Your task is to repeat all of the data exactly while excluding the pictures.

» **SUPPLIED DATA**
************

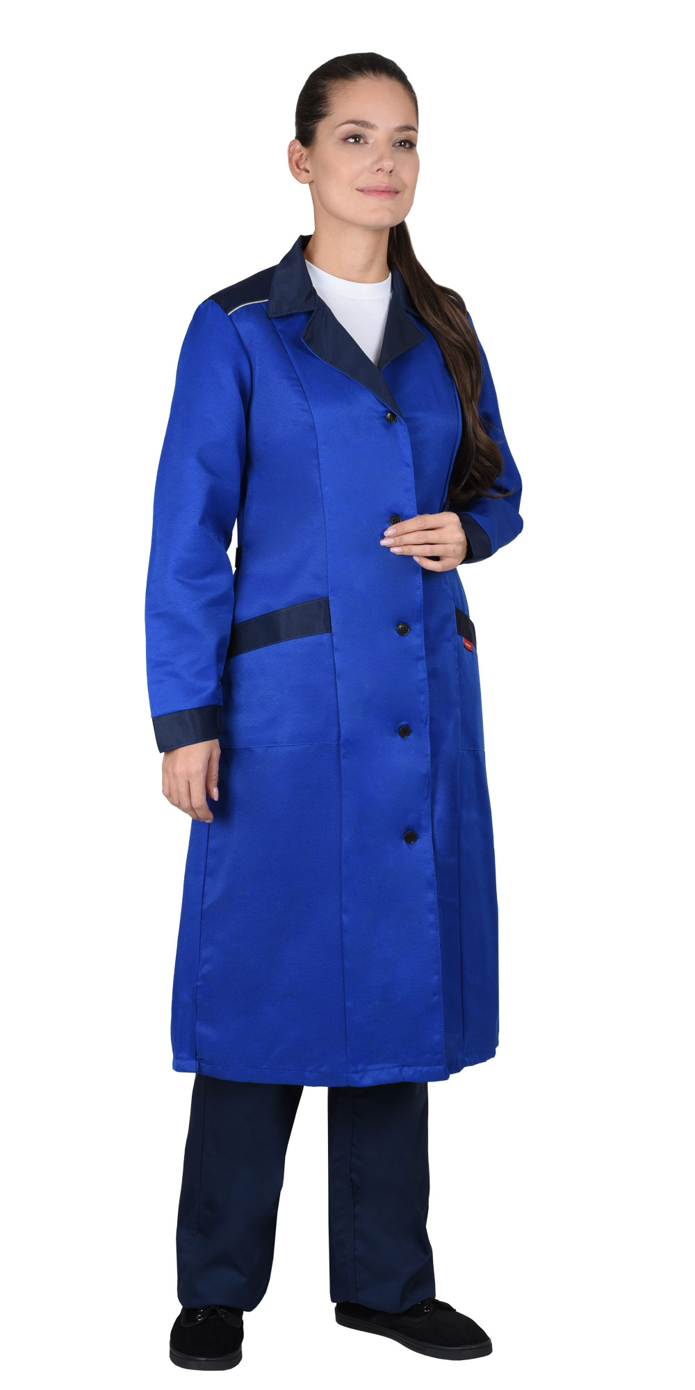 Халат "Сириус-ТЕХНОЛОГ" женский (тк. смесовая) василёк с тёмно-синим
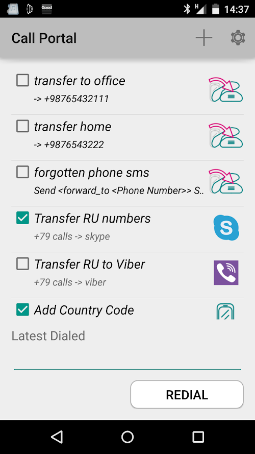* One click transfer of outgoing calls to skype or viber. Option to transfer calls with only specific country code. All that without changing numbers in your phone book.
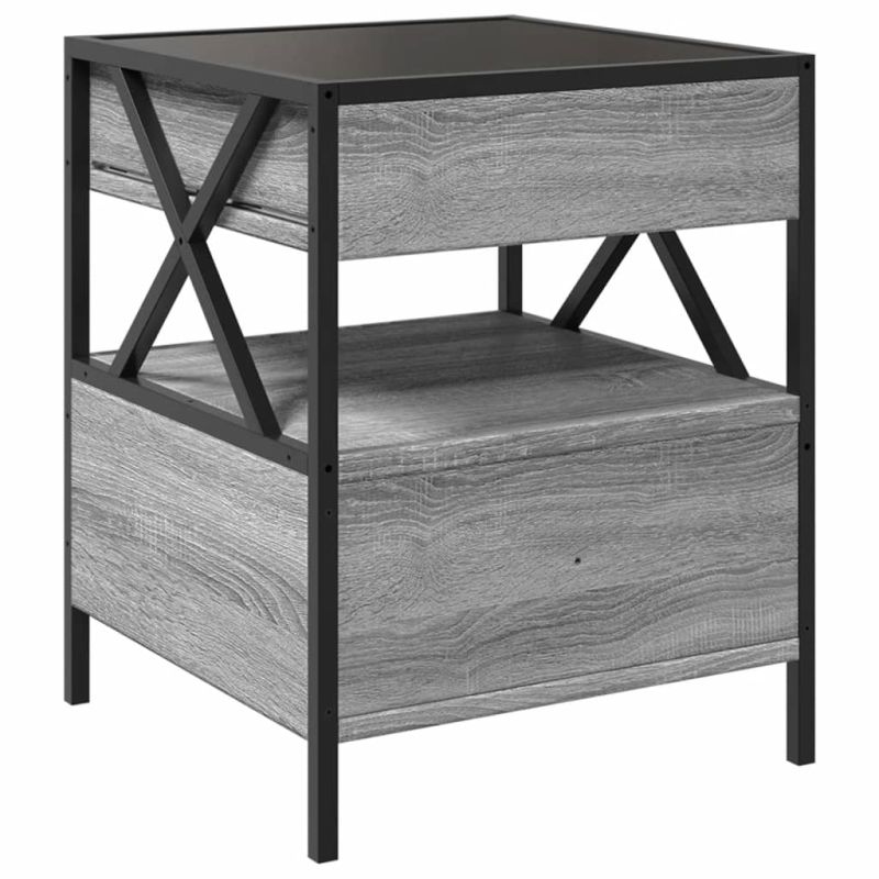 Нощна масичка с Infinity LED, сив сонома, 40x40x51 см

************

» **TASK OUTPUT**
 Халат "Сириус-ТЕХНОЛОГ" женский (тк. смесовая) василёк с тёмно-синим
* One click transfer of outgoing calls to skype or viber. Option to transfer calls with only specific country code. All that without changing numbers in your phone book.
 Нощна масичка с Infinity LED, сив сонома, 40x40x51 см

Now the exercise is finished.